All pictures must be dropped, while the entries are given again word for word.

Data entries:
- Opening Delimiter -
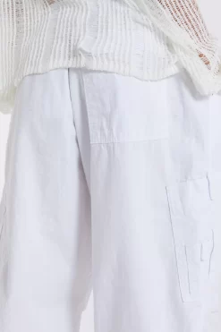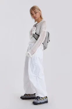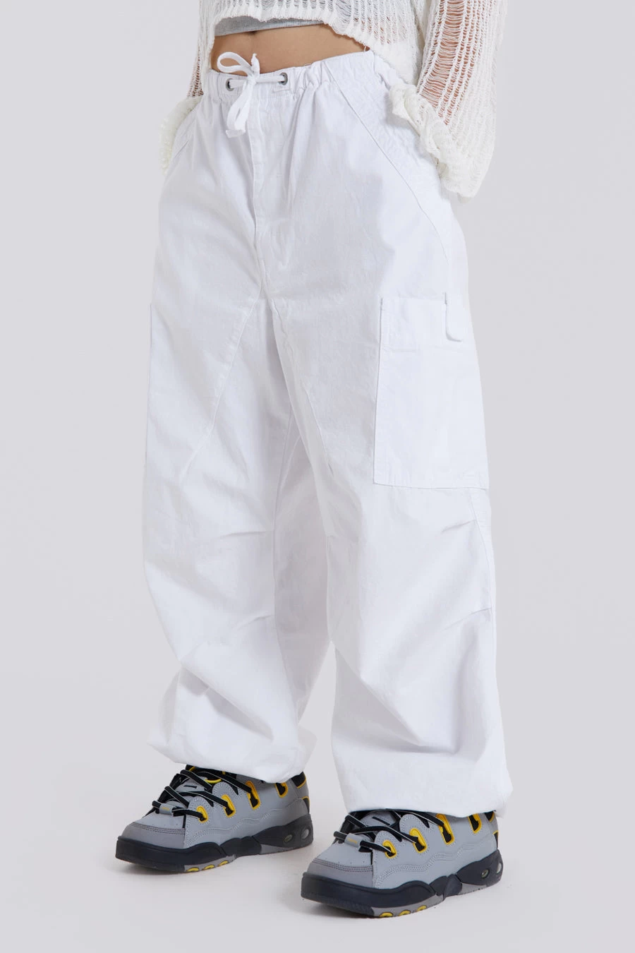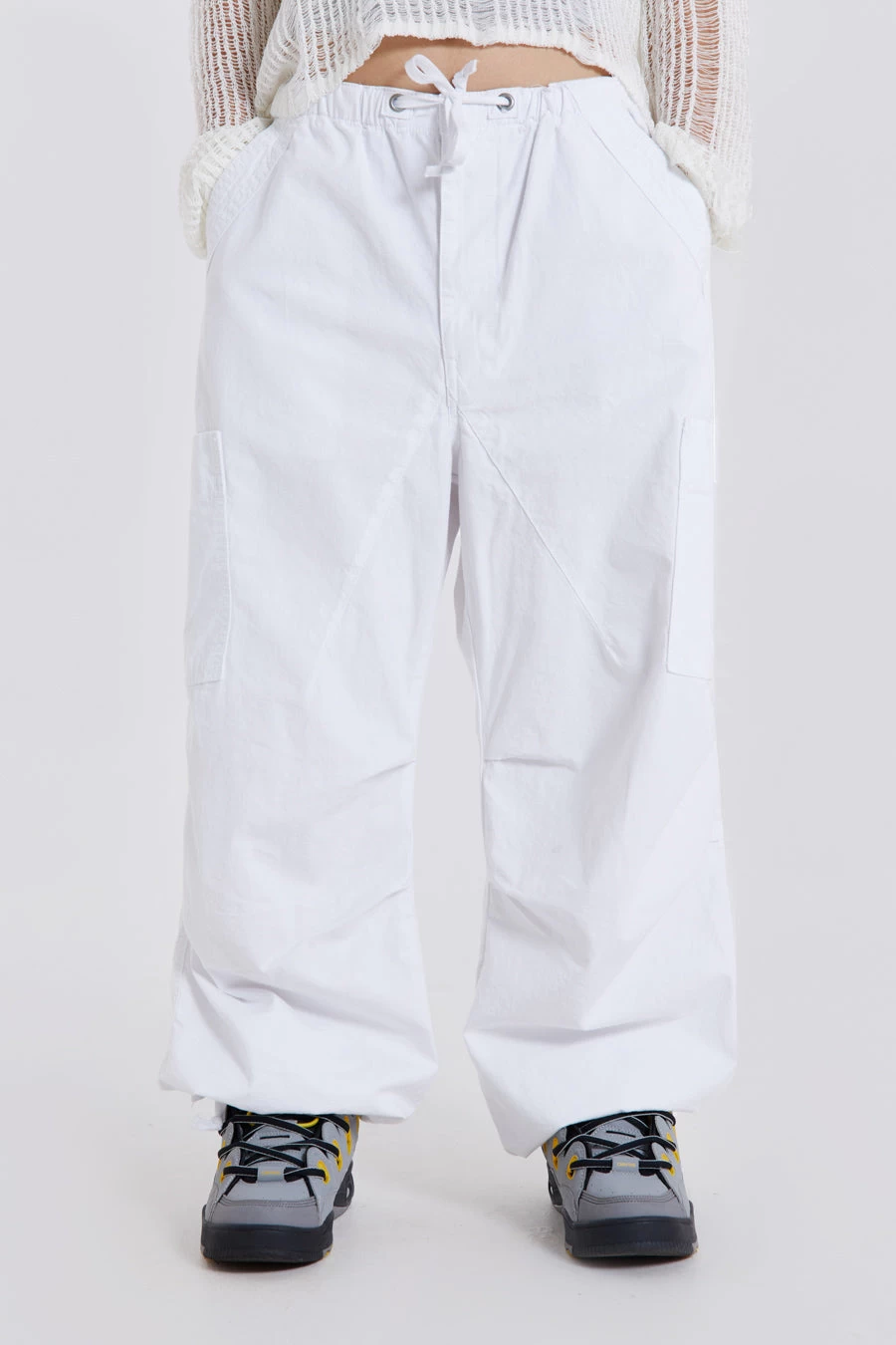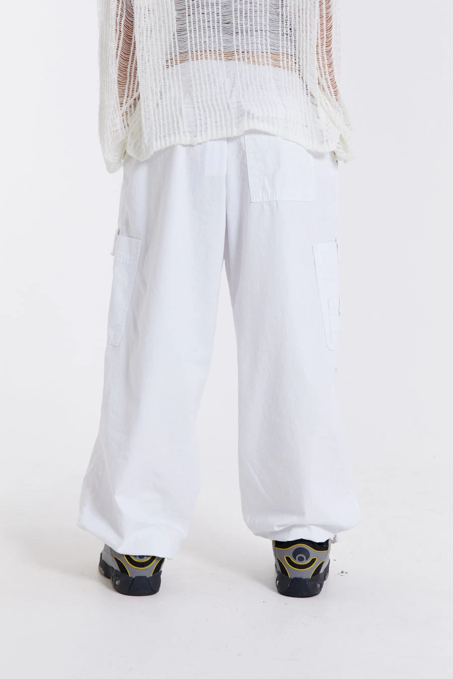 Designed with an oversized fit and a combination of metal eyelets, zip fly and adjustable cotton drawcord, our Pure White Parachute Cargo Pants deliver refined luxury and ultimate comfort. Details such as a pleated knee and inside leg darts ensure a perfect fit, while a six-pocket styling and a unique airpod pocket provide functional convenience. Elevate any look with this timeless and classic silhouette.
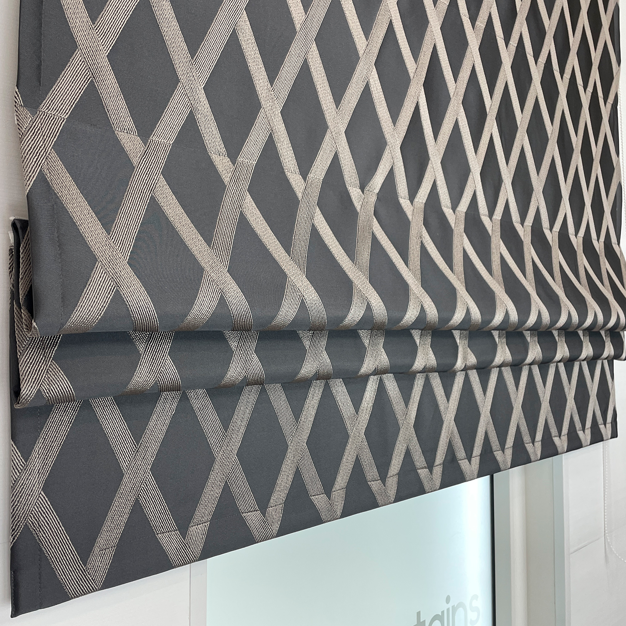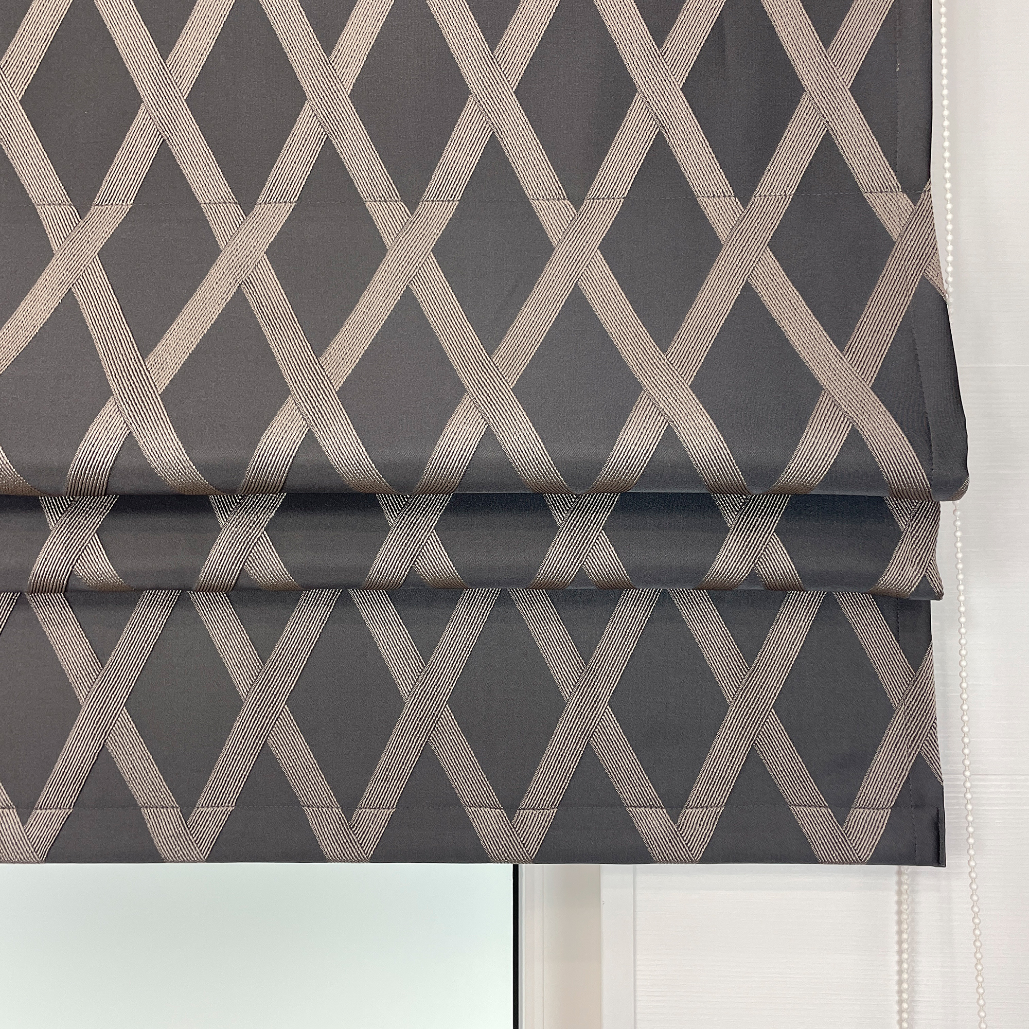Элегантная римская штора Crystal Glow выполнена из высококачественной сатиновой ткани с золотистым, объемным орнаментом. Дизайн с фактурными ромбами не только подчеркивает современный стиль, но и отлично вписывается в классические интерьеры. Тёмно-серый цвет придаёт глубину и выразительность, а также позволяет легко сочетать штору с различными цветами и текстурами, создавая уникальные комбинации в вашем интерьере.
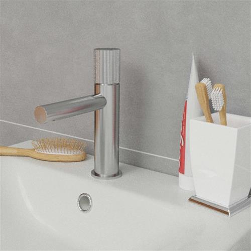 Håndvaskarmatur i et moderne, nytænkende design, hvor det elegante runde greb uden grebspind fuldender det cylindriske udtryk fra armaturets krop.
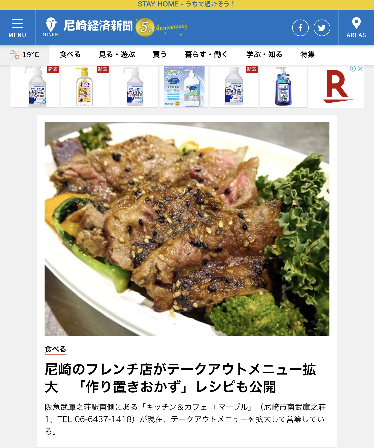 昨日27日(月)、広域尼崎圏のビジネス&カルチャーニュースをお届けするインターネットの情報配信サービス「尼崎経済新聞」でエマーブルのテイクアウトが紹介されました。
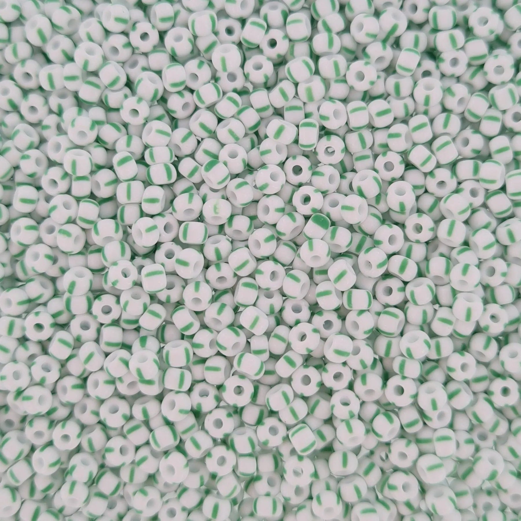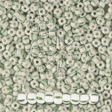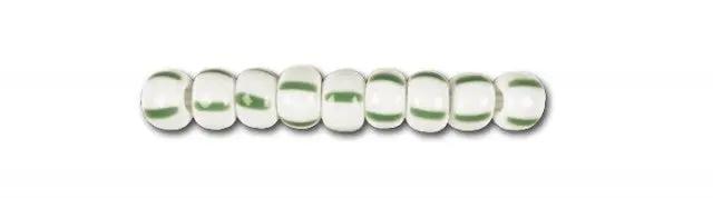 Kleine weiße Glasperlen mit vier grünen Streifen.
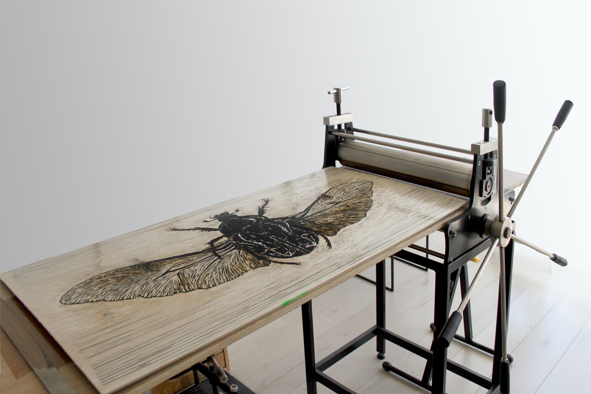 Au travers des environnements immersifs qu’elle crée, elle cherche à plonger le spectateur dans un état où ses ressentis sont exacerbés, et partager la performance vécue lors de la réalisation de grands panneaux gravés, comme de métal martelé.
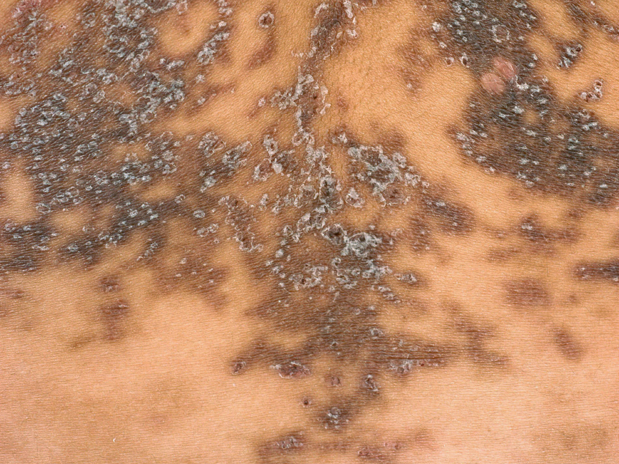 verheven, schilferend, vooral op het bovenlichaam (borst) en
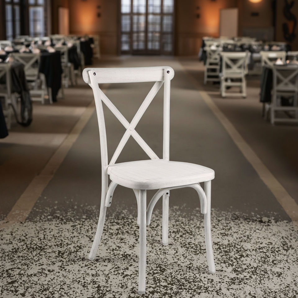 Chaises industrielles élégance rustique léger et durable en résine Crossback Lime Wash pour les mariages vintage célébrations de jardin en plein air
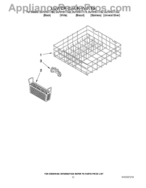 Parts for Whirlpool DU1015XTXS2: 10 - Lower Rack Parts
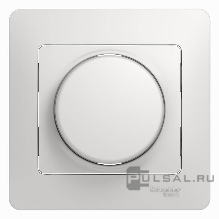 Светорегулятор (диммер) 40-600 Вт с рамкой Glossa, поворотно-нажимной, с возможностью управления с 2-х мест, лампы накаливания и галогенные 220В (R), лампы с индукционным (обмоточным) трансформ.(L), лампы с электронным (емкостным) трансформ.(C), цвет - белый
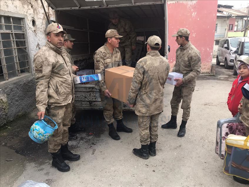 Merkez üssü Elazığ'ın Sivrice ilçesi olan 6,8 büyüklüğündeki depremin ardında ailelerin yaraların sarılması için başta köyler olmak üzere, birçok yerde yoğun çaba gösteren İl Jandarma Komutanlığı, şehir merkezindeki ailelere de yardım elini uzatıyor.
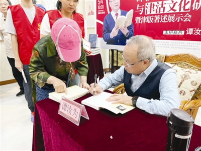 譚汝為教授在圖書大廈簽售津版著述。
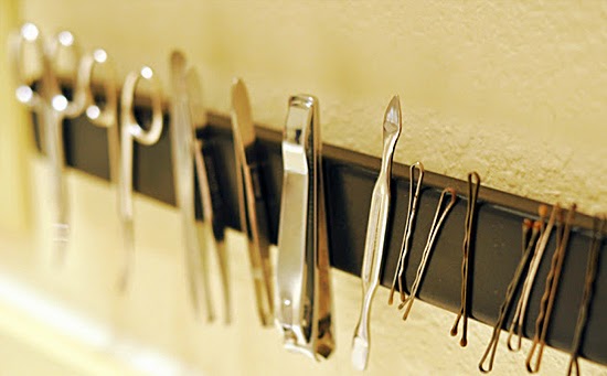 Uma simples fitinha magnética colada no seu espelho do banheiro vai facilitar muito manter seus pequenos utensílios metálicos.
- Closing Delimiter -
Solution to this exercise:
 Designed with an oversized fit and a combination of metal eyelets, zip fly and adjustable cotton drawcord, our Pure White Parachute Cargo Pants deliver refined luxury and ultimate comfort. Details such as a pleated knee and inside leg darts ensure a perfect fit, while a six-pocket styling and a unique airpod pocket provide functional convenience. Elevate any look with this timeless and classic silhouette.
Элегантная римская штора Crystal Glow выполнена из высококачественной сатиновой ткани с золотистым, объемным орнаментом. Дизайн с фактурными ромбами не только подчеркивает современный стиль, но и отлично вписывается в классические интерьеры. Тёмно-серый цвет придаёт глубину и выразительность, а также позволяет легко сочетать штору с различными цветами и текстурами, создавая уникальные комбинации в вашем интерьере.
 Håndvaskarmatur i et moderne, nytænkende design, hvor det elegante runde greb uden grebspind fuldender det cylindriske udtryk fra armaturets krop.
 昨日27日(月)、広域尼崎圏のビジネス&カルチャーニュースをお届けするインターネットの情報配信サービス「尼崎経済新聞」でエマーブルのテイクアウトが紹介されました。
 Kleine weiße Glasperlen mit vier grünen Streifen.
 Au travers des environnements immersifs qu’elle crée, elle cherche à plonger le spectateur dans un état où ses ressentis sont exacerbés, et partager la performance vécue lors de la réalisation de grands panneaux gravés, comme de métal martelé.
 verheven, schilferend, vooral op het bovenlichaam (borst) en
 Chaises industrielles élégance rustique léger et durable en résine Crossback Lime Wash pour les mariages vintage célébrations de jardin en plein air
 Parts for Whirlpool DU1015XTXS2: 10 - Lower Rack Parts
 Светорегулятор (диммер) 40-600 Вт с рамкой Glossa, поворотно-нажимной, с возможностью управления с 2-х мест, лампы накаливания и галогенные 220В (R), лампы с индукционным (обмоточным) трансформ.(L), лампы с электронным (емкостным) трансформ.(C), цвет - белый
 Merkez üssü Elazığ'ın Sivrice ilçesi olan 6,8 büyüklüğündeki depremin ardında ailelerin yaraların sarılması için başta köyler olmak üzere, birçok yerde yoğun çaba gösteren İl Jandarma Komutanlığı, şehir merkezindeki ailelere de yardım elini uzatıyor.
 譚汝為教授在圖書大廈簽售津版著述。
 Uma simples fitinha magnética colada no seu espelho do banheiro vai facilitar muito manter seus pequenos utensílios metálicos.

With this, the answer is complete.